**Data extracts**:
⟨

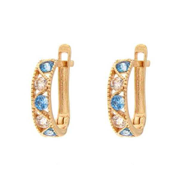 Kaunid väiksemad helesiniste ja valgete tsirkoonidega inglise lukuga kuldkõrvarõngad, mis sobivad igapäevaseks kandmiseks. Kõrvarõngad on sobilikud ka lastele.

⟩
⟨

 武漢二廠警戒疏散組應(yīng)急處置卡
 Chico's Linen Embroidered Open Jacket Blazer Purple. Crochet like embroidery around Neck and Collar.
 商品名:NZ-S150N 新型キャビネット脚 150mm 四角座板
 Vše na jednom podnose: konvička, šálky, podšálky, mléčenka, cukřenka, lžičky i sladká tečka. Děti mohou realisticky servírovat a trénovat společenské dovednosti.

⟩

**Work required**:
Beginning with the line that has "Chico's Linen Embroidered" and ending with the line that has "Vše na jednom", set down the lines above exactly and include no others.

**Response to the exercise**:
 Chico's Linen Embroidered Open Jacket Blazer Purple. Crochet like embroidery around Neck and Collar.
 商品名:NZ-S150N 新型キャビネット脚 150mm 四角座板
 Vše na jednom podnose: konvička, šálky, podšálky, mléčenka, cukřenka, lžičky i sladká tečka. Děti mohou realisticky servírovat a trénovat společenské dovednosti.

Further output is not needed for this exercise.